Your long-term outlook is influenced most by things you can control: sticking with strengthening, staying generally active, managing body weight if that’s relevant for you, and learning how to respond to flare-ups without stopping everything. Flare-ups are common and usually manageable with short-term adjustments rather than full rest.

In more advanced cases, symptoms may eventually lead to discussing surgical options, but many people can delay or avoid joint replacement by building knee capacity and following an effective long-term management plan.

When to See a Physio

  • You have persistent knee pain and stiffness that is limiting walking, stairs, work, or sport for more than 2 to 4 weeks.
  • You are having repeated flare-ups with swelling or reduced range of motion and want a plan to manage activity safely.
  • You are reducing activity because of knee pain and feel your leg is getting weaker or less stable.
  • You want guidance on a structured program such as GLA:D® or an individualised knee OA rehab plan.
  • You are considering injections or surgery and want physiotherapy input to ensure conservative care has been optimised and to prepare for better outcomes.
  • You have locking, significant instability, severe night pain, or rapidly worsening symptoms and need screening and possible medical referral.

Frequently Asked Questions

What is knee osteoarthritis?

Knee osteoarthritis is a long-term condition involving changes to cartilage, bone, and other joint tissues that can lead to pain, stiffness, swelling and reduced function. Symptoms often fluctuate, and many people improve with physiotherapy-led exercise and education.

Can physiotherapy help knee osteoarthritis?

Yes. Physiotherapy for knee osteoarthritis is first-line care in Australian guidance. Exercise therapy improves pain and function regardless of age or X-ray severity, and physiotherapists also help with pacing, flare management, and safe return to activity.

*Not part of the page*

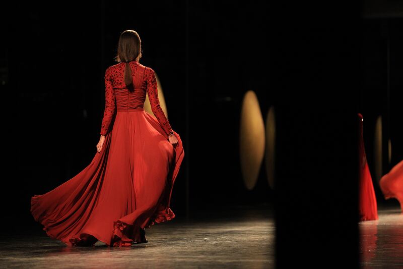 It's unfortunate that a leopard g-string-clad streaker crashed the Prabal Gurung runway early Saturday afternoon, as the audience then became more fixated on the nude man than what is possibly one of Gurung's most successful collections to date. The models didn’t miss a beat, however, and continued to parade down the runway alongside six oversized golden gongs. The décor—and collection—paid tribute to the Nepalese designer's heritage, particularly the Mustang region, which Gurung described as "one of the last remaining Shangri-Las." Straying away from the tight fitting pencil skirts, closely-tailored trousers, and vibrant neons of last season, Gurung made even the most chunky knits elegant, pairing oversized sweaters with chiffon or silk skirts that hit just at the knee and strappy sandals with tiny bells attached at the heels, creating a soft jingle alongside the powerfully robust soundtrack. Gurung particularly focused on elaborate drapery this season, showing off his abilities—and versatility—in a range of sleeveless tops and cocktail dresses. The show closed with four flowing chiffon gowns—in orange, red, crimson, and navy—all featuring slight embellishments, a high neck, and, except for the closing look on Joan Smalls, subtle cut-outs along the midriff. It was Gurung's use of warm hues that provided a refreshing breath of air amid the mostly monochromatic palette thus far.

What is the GLA:D® program for knee OA?

GLA:D® (Good Life with osteoArthritis: Denmark) is a program delivered by trained physiotherapists that combines education and supervised exercise for knee OA. It aims to reduce pain, improve function, and support long-term self-management.

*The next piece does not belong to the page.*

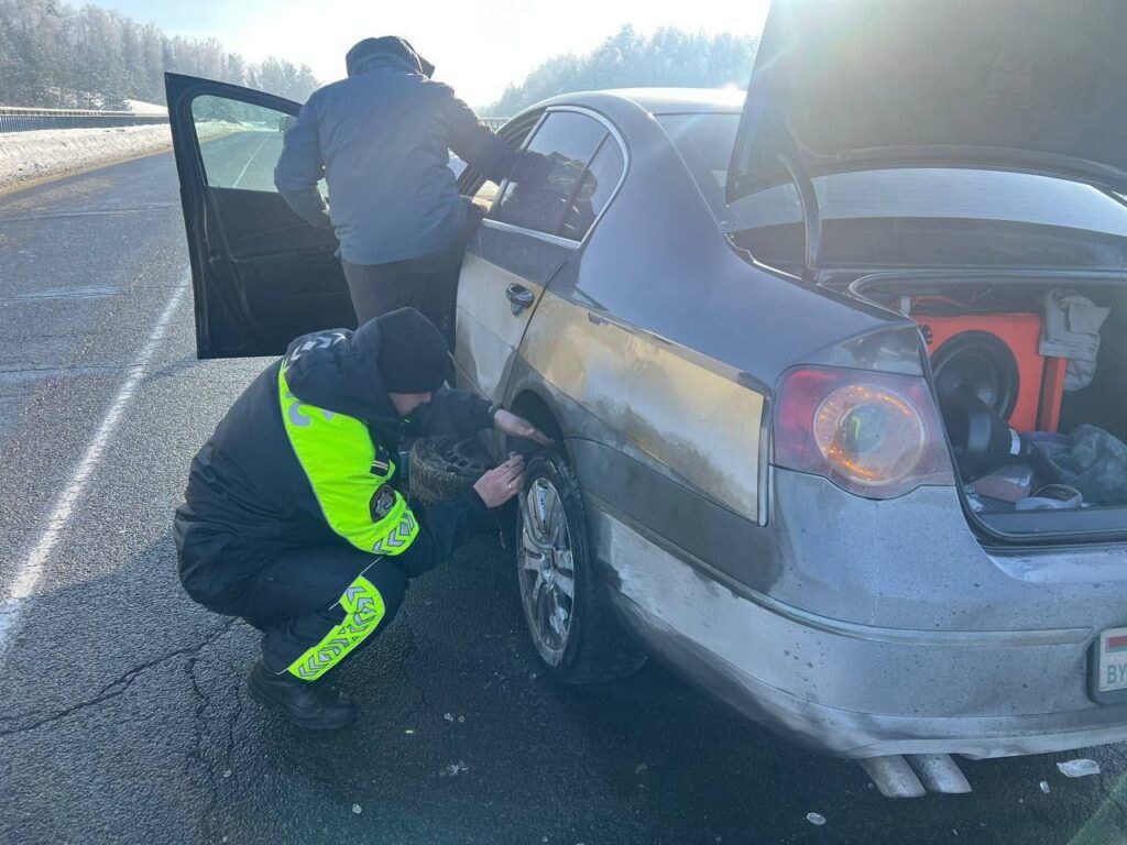 На трассе под Минском инспекторы ГАИ помогли водителю с пробитым колесом

What are the best knee osteoarthritis physiotherapy exercises?

Most programs focus on quadriceps strengthening, hip and glute strengthening, balance and neuromuscular control, plus gradual walking or cycling conditioning. The best exercises are those tailored to your irritability and progressed over time by a physiotherapist.

Should I avoid walking and stairs if I have knee OA?

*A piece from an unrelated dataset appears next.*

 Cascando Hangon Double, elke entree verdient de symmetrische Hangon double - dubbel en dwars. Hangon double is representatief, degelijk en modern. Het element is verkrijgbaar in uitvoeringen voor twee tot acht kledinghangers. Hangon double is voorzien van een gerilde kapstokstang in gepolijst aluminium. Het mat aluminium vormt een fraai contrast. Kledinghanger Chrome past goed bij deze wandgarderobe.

Usually no, but you may need to modify the dose temporarily. Physiotherapy often uses pacing and gradual exposure so you can keep moving without triggering multi-day flare-ups. Stairs can be progressed as strength and tolerance improve.

Do I need an X-ray or MRI to start treatment?

Not always. Many people can start physiotherapy based on symptoms and function. X-rays are commonly used to confirm OA changes, while MRI is usually reserved for atypical symptoms or suspected additional injuries.

Will knee osteoarthritis keep getting worse no matter what I do?

Not necessarily. OA is long-term, but symptoms often fluctuate. Many people reduce pain and improve function significantly with consistent strengthening, education, and smart load progression. The aim is fewer flare-ups, better mobility, and maintaining independence.

When is knee replacement considered for knee OA?

Knee replacement is generally considered when symptoms remain severe and function-limiting despite a thorough trial of conservative care, including physiotherapy-led exercise and education. If surgery is considered, physiotherapy is still essential before and after to optimise outcomes.